Volleyballers Serve Well for Ad Campaign

If sexiness sells, pro beach volleyball should be an advertiser's dream.

Its stars men and women who wear shorts and bikinis. Their bodies are sculpted for their sport. They spend a lot of time at the beach.

An article in the New York Times looks at a new campaign for the Association of Volleyball Professionals' (AVP) 2009 season.

"What if, say, the association that puts on beach volleyball tournaments -- where young athletes compete against each other dressed in nothing but swimsuits, visors and sunglasses -- wants to run a campaign featuring close-up photographs of its volley girls and volley boys in all their muscled, sun-tanned glory?

The answer, most likely, would be another question: How speedily could they get into their Speedos?

That is what the association, the AVP (Association of Volleyball Professionals), is doing in its campaign for the 2009 professional beach volleyball tour.
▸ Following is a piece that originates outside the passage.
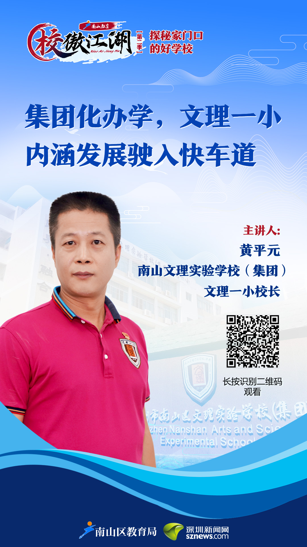 《校傲江湖》第二季——探秘家门口的好学校,带着大家与校长面对面,探索南山各所优质学校,了解它们的办学特色,领略它们的魅力!在上一期节目中,校傲江湖探访了南山区文理学校(集团)科创学校,南山区文理学校(集团)总校长兼科创学校校长吴希福为大家详细介绍了科创学校的教育理念。本期节目来到南山文理实验学校(集团)文理一小,文理一小校长黄平元面对面介绍集团化办学后,文理一小内涵发展驶入快车道的全面情况。

Print, online and outdoor advertisements present AVP players dressed (or undressed) for work, among them Phil Dalhausser, Holly McPeak, Mike Morrison, Todd Rogers, Sean Scott, Tyra Turner and Kerri Walsh."


Project Design, of Torrance, created the campaign with the AVP. 

"We looked at hundreds and hundreds and hundreds of photographs, and we didn't find a bad-looking body, not one," Andrew Edelstein, of Project Design, told the New York Times.

Edelstein told the Times the campaign is geared toward the sport, not just the tanned and sand-covered bodies that play the game.

The AVP has several Southland events, including the 2009 AVP Crocs Tour Riverside Open on April 17-19.